RIP PlaysForSure
So you may have heard about Microsoft’s “Zune” initiative, which is a whole suite of media stuff — a line of players, software, a store — designed to take on Apple’s iTunes/iPod complex. And you may remember that Microsoft already has technology designed for this purpose, the PlaysForSure suite of protocols — the ones that they license to bunches of device manufacturers (iRiver, Creative, Toshiba, Dell) and services (URGE, Napster, Rhapsody, Yahoo). And it turns out that Zune doesn’t work with PlaysforSure.
Microsoft seems to be pretending that this isn’t the end of the road for PFS, but c’mon. They’re going to be spending hundreds of millions of dollars promoting and developing Zune, it’s a major strategic move for them, they’ve decided internally that PFS isn’t good enough for Zune, and they still want people to believe that PFS is in anything other than legacy support mode at this point? Nobody’s stupid enough to buy that.
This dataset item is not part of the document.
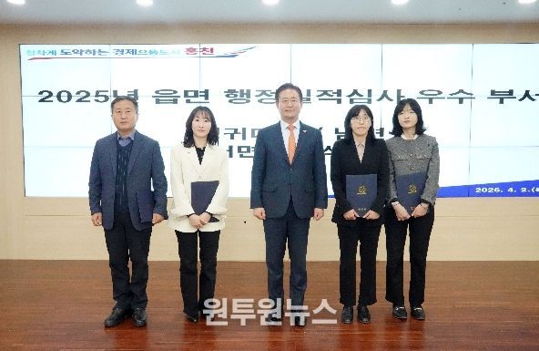 (원투원뉴스) 홍천군은 4월 2일 홍천군청 대회의실에서 2025년 읍면별 군정 주요 업무에 대한 행정 실적 심사 우수 읍면에 상장을 수여했다.

The irritating thing is, this is a stupid move. Yeah, Apple is still dominating the market right now, but the PFS ecosystem is getting better on a daily basis, and in another six months to a year, it’d probably start making noticeable inroads to Apple’s marketshare; in five years, the combined weight of every non-Apple company in the world would likely be enough to make Apple a niche player. But no. Microsoft is determined to learn the wrongest lesson of all from Apple, that a closed system controlled end-to-end by one company with no point of integration for anyone else (except through a stupid “dock accessories” connector) is the way to go. It’s frustratingly wrong, and will only hurt consumers as they get their choice of walled gardens, with no way for clever and innovative companies to get their products in the mix.